>>>

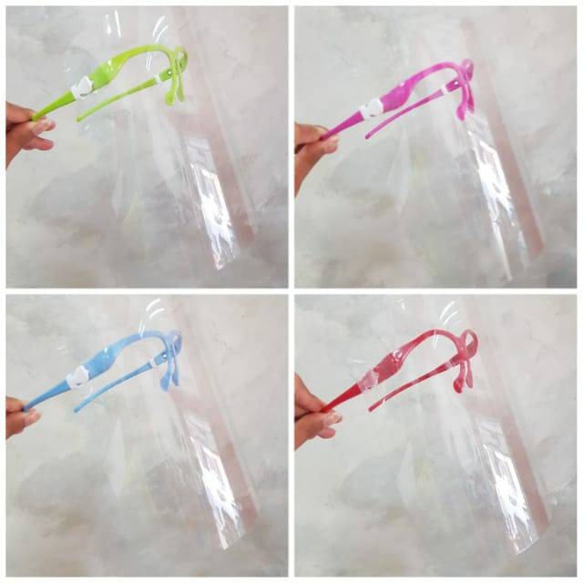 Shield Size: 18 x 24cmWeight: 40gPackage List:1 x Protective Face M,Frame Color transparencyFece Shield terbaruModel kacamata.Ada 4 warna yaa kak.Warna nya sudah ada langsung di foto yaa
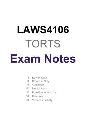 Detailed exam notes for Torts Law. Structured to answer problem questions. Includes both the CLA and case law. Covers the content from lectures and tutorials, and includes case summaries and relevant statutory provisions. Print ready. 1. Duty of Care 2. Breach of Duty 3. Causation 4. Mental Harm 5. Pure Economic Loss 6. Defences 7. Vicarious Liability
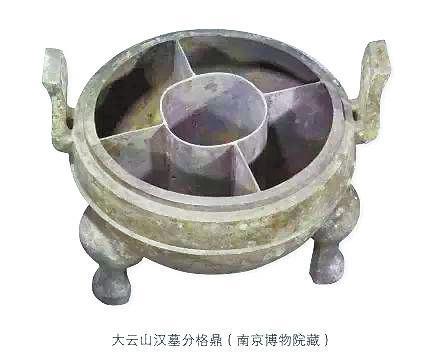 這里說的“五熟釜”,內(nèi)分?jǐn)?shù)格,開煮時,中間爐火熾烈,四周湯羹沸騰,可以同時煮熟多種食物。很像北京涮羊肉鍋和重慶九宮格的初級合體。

<<<

**ACTIVITY:**
Give back the listing exactly, with the pictures removed.

**EXERCISE SOLUTION:**
 Shield Size: 18 x 24cmWeight: 40gPackage List:1 x Protective Face M,Frame Color transparencyFece Shield terbaruModel kacamata.Ada 4 warna yaa kak.Warna nya sudah ada langsung di foto yaa
 Detailed exam notes for Torts Law. Structured to answer problem questions. Includes both the CLA and case law. Covers the content from lectures and tutorials, and includes case summaries and relevant statutory provisions. Print ready. 1. Duty of Care 2. Breach of Duty 3. Causation 4. Mental Harm 5. Pure Economic Loss 6. Defences 7. Vicarious Liability
 這里說的“五熟釜”,內(nèi)分?jǐn)?shù)格,開煮時,中間爐火熾烈,四周湯羹沸騰,可以同時煮熟多種食物。很像北京涮羊肉鍋和重慶九宮格的初級合體。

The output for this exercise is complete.